Daily Forex Reports | by Kate Curtis | Thursday, 09 July 2015 09:26 UTC
NZDUSD has been on a strong downtrend in the past few weeks but price is pulling up to test a resistance level on its 1-hour time frame. Price is trading around the descending trend line connecting the recent highs and this resistance area lines up with the 200 SMA, which has held as a dynamic inflection point in the past.
RSI is on the way down, suggesting that sellers are taking control of price action and could push the pair to the previous lows at .6620. Stronger selling pressure could lead to a break of these lows and a move towards the next support around .6500.
Meanwhile, stochastic is pointing up, indicating that the correction is still taking place. A break above the rising trend line could lead to a much larger pullback, possibly until the area of interest around .6800, before the pair resumes its longer-term selloff. For now, the 100 SMA is below the 200 SMA, which means that the path of least resistance is to the downside.
Earlier today, Australia reported a stronger than expected employment figure for June, allowing risk appetite to return to the markets. This was followed by a slight pickup in Chinese stock indices, possibly due to the halt in trading activities in some major exchanges and the injection of a 260 billion CNY loan from a government-owned entity.

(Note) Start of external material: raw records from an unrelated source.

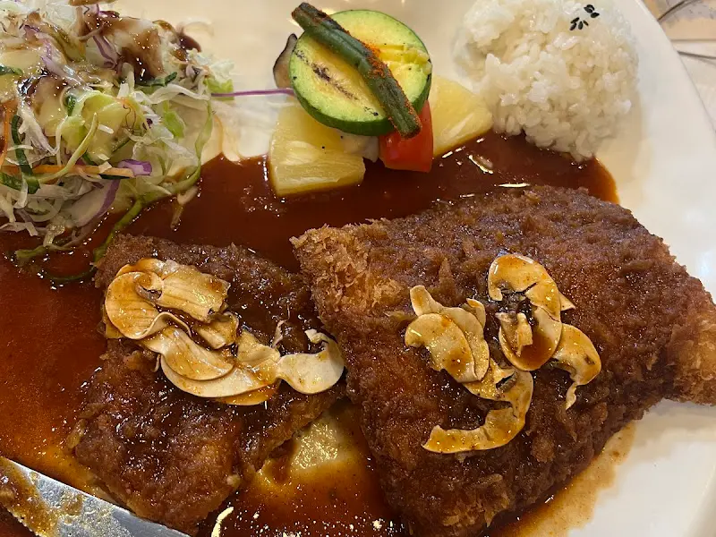소스 듬뿍 찍어서 한 입 딱! Yo, 이 맛은 레전드. 내 혀가 센드! 겉은 바삭하고 속은 촉촉한 돈까스, 거기에 달콤 짭짤한 소스가 환상의 콜라보를 이루는 맛! 돼지 잡내 하나 없이 깔끔하고, 육즙은 팡팡 터지고… 이거 완전 미쳤잖아! 돈까스 위에 올려진 구운 마늘칩이 신의 한 수. 느끼함은 잡아주고, 풍미는 UP 시켜주고!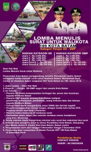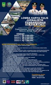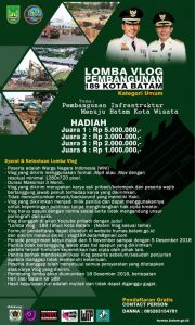 MARI IKUTI KEGIATAN LOMBA DALAM RANGKA HARI JADI KOTA BATAM KE 189 oleh mediacenter · Dipublikasikan 7 November 2018 · Di update 7 November 2018 Post Views: 1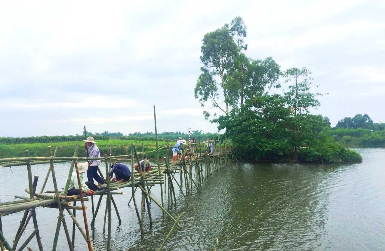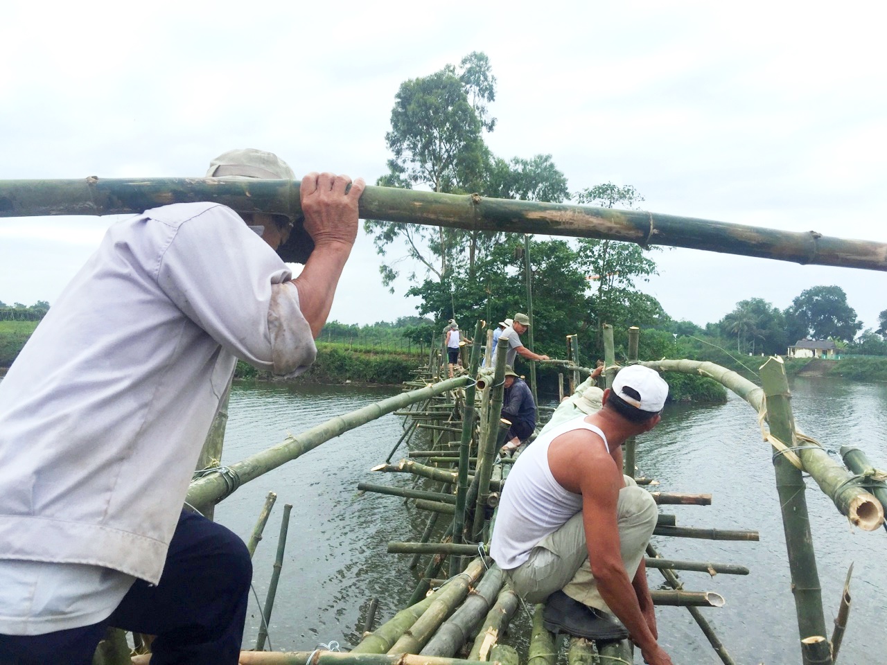 Một số hình ảnh làm cầu tre của người dân Thanh Lương 2: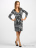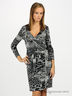 Комфортное и стильное платье с запахом из эластичного, приятного на ощупь материала. V-образная горловина прекрасно подчеркивает грудь. Рукава 3/4. Декорировано серебристой тесьмой. Талия подчеркнута поясом.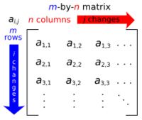 Matrices are a useful notion to encode linear maps.[22] They are written as a rectangular array of scalars as in the image at the right. Any m-by-n matrix [math]\displaystyle{ A }[/math] gives rise to a linear map from Fn to Fm, by the following [math]\displaystyle{ \mathbf x = (x_1, x_2, \ldots, x_n) \mapsto \left(\sum_{j=1}^n a_{1j}x_j, \sum_{j=1}^n a_{2j}x_j, \ldots, \sum_{j=1}^n a_{mj}x_j \right), }[/math] where [math]\displaystyle{ \sum }[/math] denotes summation, or, using the matrix multiplication of the matrix [math]\displaystyle{ A }[/math] with the coordinate vector [math]\displaystyle{ \mathbf{x}: }[/math]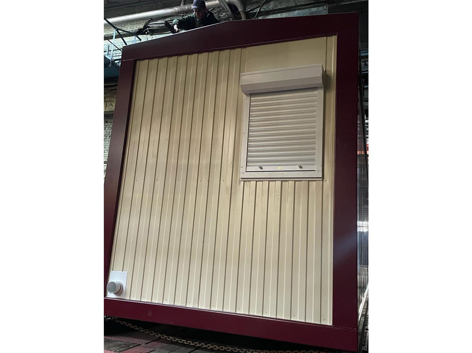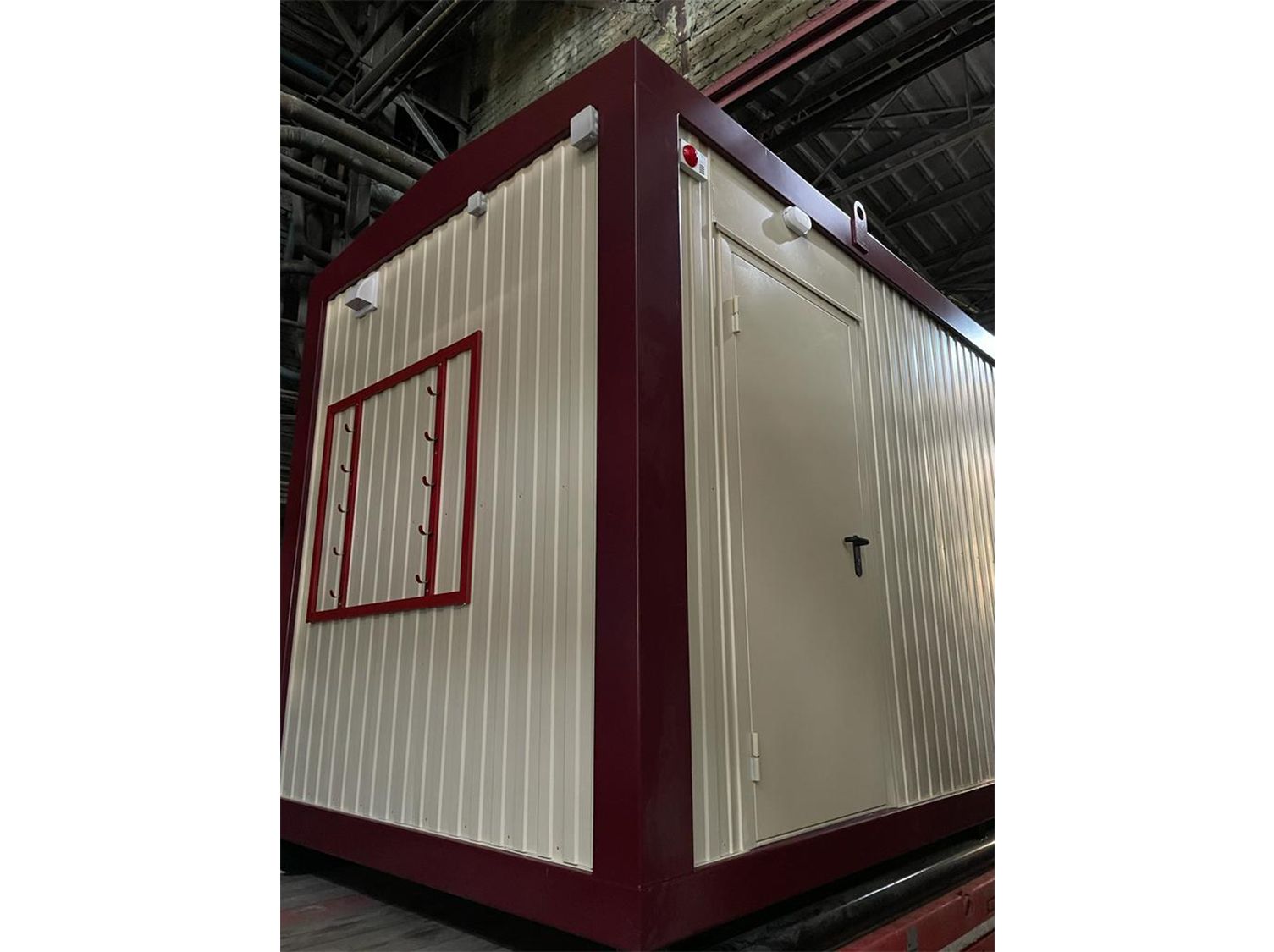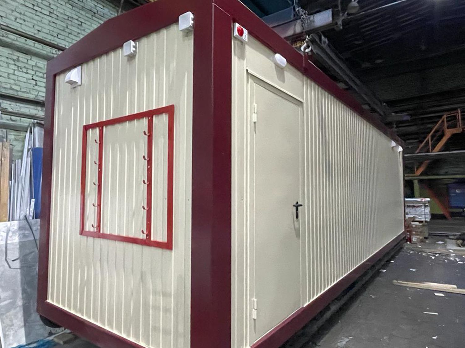 Каркас:Металлический, сварнойКровля:Двухскатная, трапециевидная, сварная. Металлический лист 1.5 ммУтепление:Потолок, стены : минеральная плита. Толщина – 15 0 ммПаро - гидроизоляционная пленка «Изоспан»Пол: пенополистирол экструзионный с добавлением антипиренов, само затухающий, относящийся к группе Г1 - слабо горючих материалов толщина утеплителя 150ммСтыки утеплены негорючей монтажной пеной. Класс горючести - НГПол:Доска 25х100 ммПлинтус ПВХЦСП 16 ммМеталлический лист , 1.2 ммАнтикоррозионное покрытиеАвтомобильная резинобитумная мастика ГФ021 в 2 слояУтепление 15 0 мм. Пароизоляция тип «В»Линолеум п/коммерческийВходная группа:Металлическая дверь заводского изготовления (Россия), с врезным замком, доводчиком и ручкой прижимом. 87 0х20 7 0 мм – 1 штПерегородка:Перегородка с ламинированной МДФ дверью – 3 штРазмеры::9.0 х 2. 45 х 2. 8 (3.0)Отопление:Биметаллические радиаторы – 5 штРазводка ПВХ трубМасса:Не более 50000 кгОтделка:Наружная: Профилированный лист С8, с полимерным покрытием, RAL 3005Внутренняя: Профилированный лист С8, с полимерным покрытием, RAL 3005Окраска:Каркас: грунт - эмаль по металлуОкна:ПВХ, 90 0 х 110 0 мм, трёх - камерный профиль, двухкамерный стеклопакет, поворотно - откидное – 2 штМоскитная сетка – 2 штРольставни механически – 2 штПока нет комментариев

The latest FOMC minutes indicated that most policymakers weren’t inclined to hike interest rates just yet, due to the ongoing concerns about Greece and challenges to domestic growth. Future policy decisions could continue to carry more cautious remarks, as the June meeting hasn’t included the disappointing June NFP figure and the increased financial risks from Greece and China.
Updates from Greece could continue to drive risk flows, with weaker risk appetite likely to allow NZDUSD to resume its selloff.